The proc logistic model runs well and produces probability scores which look good. But, I know that this needs to be adjusted as they are not representative of the overall population of non responders.
The probability scores only look 'good' because the data has been oversampled to 50/50. Were those probabilities estimated from a data set that looked like the population, they would be more realistic and not 'look' as good. You can do posterior adjustment on these probabilities to make them look more realistic but that by definition will make them not 'look' as good.
Consider the following arguments:
* posterior adjustment methods simply adjust the original probabilities to be centered closer to the expected population rate, so the impact on individual probability estimate will vary
* posterior adjustment will not change the sort order of your for a given model, so the probability adjusted scores will be ordinally equivalent to the unadjusted scores
* models typically fit better on their training data than on data they are used to score, so the real evaluation of model performance comes from performance on new data
* given the above, it might not be necessary to 'adjust' the probabilities at all since even the 'adjusted' probabilities might not be meaningful when you consider that a probability is something calculated for a group and not an individual that either has the event of interest or does not have the event of interest
* you might be better off using more of your non-events to make sure that you are adequately modeling the features of the non-respondents and (hopefully) obtain a more discriminating model despite probabilities that don't 'look' as good.
I have tried different methods as suggested in SAS forums ( weighting/offset/prior probabilities) and all of them dramatically reduce the predicted probabilities..Is there way a to maintain the predicted scores as they are with over sampling?
As I mentioned above, that is to be expected when adjusting to the more realistic probabilities that using a less over-sampled data set (or viewing the 'adjusted' probabilities). The artificially high probabilities from the oversampled data are simply not realistic so they look 'good' but are not meaningful except for the way in which they allow you to sort the scored observations from most likely to least likely.
I hope this helps!
Doug
There are quite of lot of different but related issues raised by your post. I'll try and handle them one-by-one.
Having done some research. I over sampled to get a 50-50% distribution (keeping all responders).
This is something that I typically recommend against. The notio of oversampling to 50/50 is a misapplication of the fact that the most power for predicting between two groups for a fixed sample size is to have an equal number of each group in the sample. This ends up being misinterpreted as needing to oversample to 50/50 for more power but you are reducing your sample size in this case so this principle does not apply. Depending on how rare your sample is, you might have poor representation of your non-events.

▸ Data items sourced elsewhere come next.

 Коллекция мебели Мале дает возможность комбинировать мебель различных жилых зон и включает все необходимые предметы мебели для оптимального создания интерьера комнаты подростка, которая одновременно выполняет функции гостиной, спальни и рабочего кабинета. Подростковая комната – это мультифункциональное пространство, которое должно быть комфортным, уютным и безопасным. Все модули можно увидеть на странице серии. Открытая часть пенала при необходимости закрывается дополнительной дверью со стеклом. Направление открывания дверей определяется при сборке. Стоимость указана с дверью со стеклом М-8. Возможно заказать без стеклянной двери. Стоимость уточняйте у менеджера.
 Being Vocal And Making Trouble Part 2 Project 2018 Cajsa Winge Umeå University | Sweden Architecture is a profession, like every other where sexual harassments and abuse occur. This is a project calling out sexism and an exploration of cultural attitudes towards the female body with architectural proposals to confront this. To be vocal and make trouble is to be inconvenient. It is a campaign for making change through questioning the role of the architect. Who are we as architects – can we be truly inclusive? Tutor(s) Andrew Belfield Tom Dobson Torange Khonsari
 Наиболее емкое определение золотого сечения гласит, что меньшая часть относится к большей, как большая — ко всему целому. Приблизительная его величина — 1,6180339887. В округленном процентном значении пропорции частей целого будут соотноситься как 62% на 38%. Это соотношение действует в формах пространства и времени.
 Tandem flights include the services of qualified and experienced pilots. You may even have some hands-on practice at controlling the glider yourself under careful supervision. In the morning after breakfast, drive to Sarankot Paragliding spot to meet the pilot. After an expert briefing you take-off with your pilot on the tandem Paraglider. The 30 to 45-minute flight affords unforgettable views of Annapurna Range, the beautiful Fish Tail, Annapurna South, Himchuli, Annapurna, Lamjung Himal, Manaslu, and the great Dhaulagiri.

For example, if you have a 1% response rate and oversample to 50/50, you now have 1% of your data representing the 99% of non-events.
The proc logistic model runs well and produces probability scores which look good. But, I know that this needs to be adjusted as they are not representative of the overall population of non responders.

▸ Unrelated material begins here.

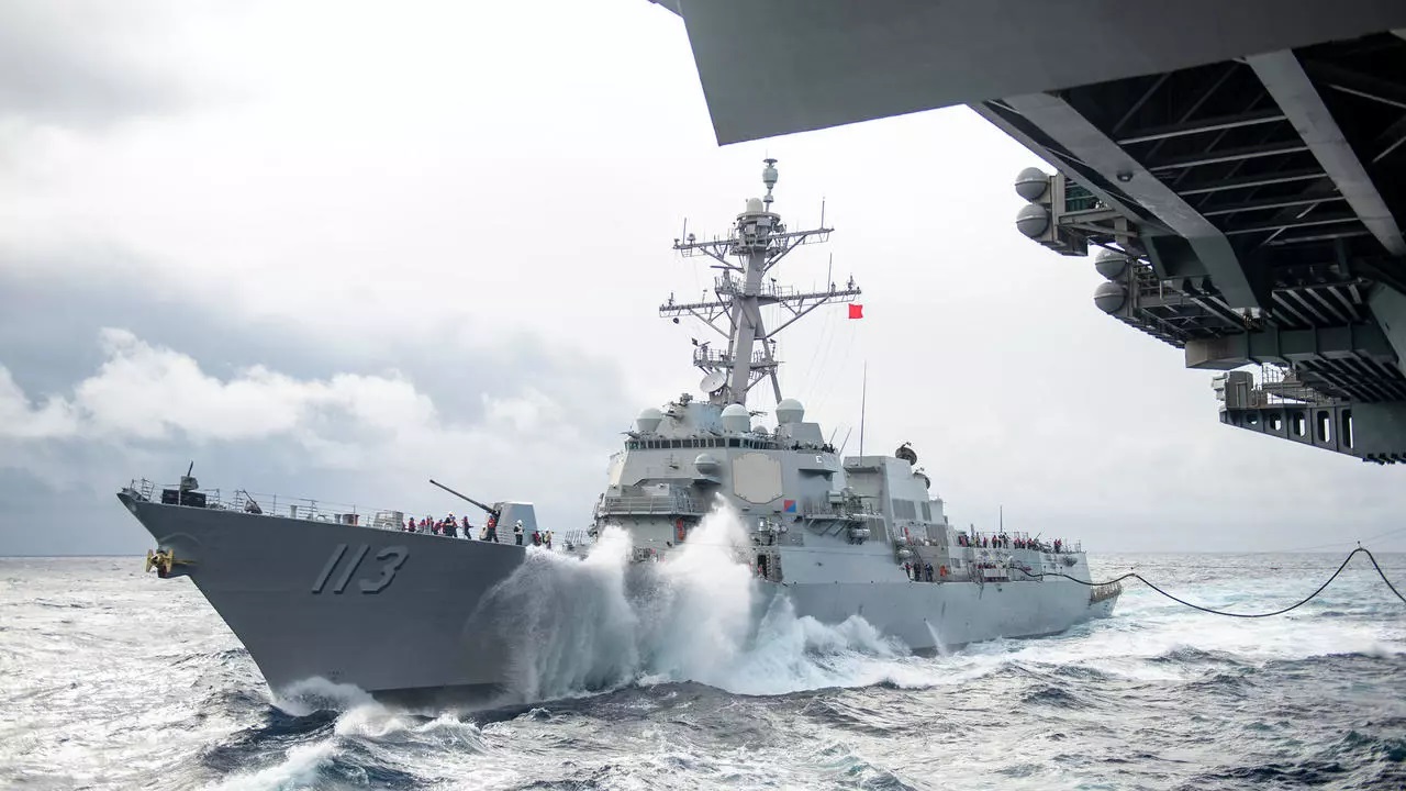 Ảnh minh họa: Khu trục hạm mang tên lửa dẫn đường USS John Finn (DDG 113) tiếp cận tàu sân bay USS Theodore Roosevelt (CVN 71) ngày 14/01/2021. USS Theodore Roosevelt (CVN 71) - Petty Officer 1st Class Christop

The probability scores only look 'good' because the data has been oversampled to 50/50. Were those probabilities estimated from a data set that looked like the population, they would be more realistic and not 'look' as good. You can do posterior adjustment on these probabilities to make them look more realistic but that by definition will make them not 'look' as good.
Consider the following arguments:
* posterior adjustment methods simply adjust the original probabilities to be centered closer to the expected population rate, so the impact on individual probability estimate will vary
* posterior adjustment will not change the sort order of your for a given model, so the probability adjusted scores will be ordinally equivalent to the unadjusted scores
* models typically fit better on their training data than on data they are used to score, so the real evaluation of model performance comes from performance on new data
* given the above, it might not be necessary to 'adjust' the probabilities at all since even the 'adjusted' probabilities might not be meaningful when you consider that a probability is something calculated for a group and not an individual that either has the event of interest or does not have the event of interest
* you might be better off using more of your non-events to make sure that you are adequately modeling the features of the non-respondents and (hopefully) obtain a more discriminating model despite probabilities that don't 'look' as good.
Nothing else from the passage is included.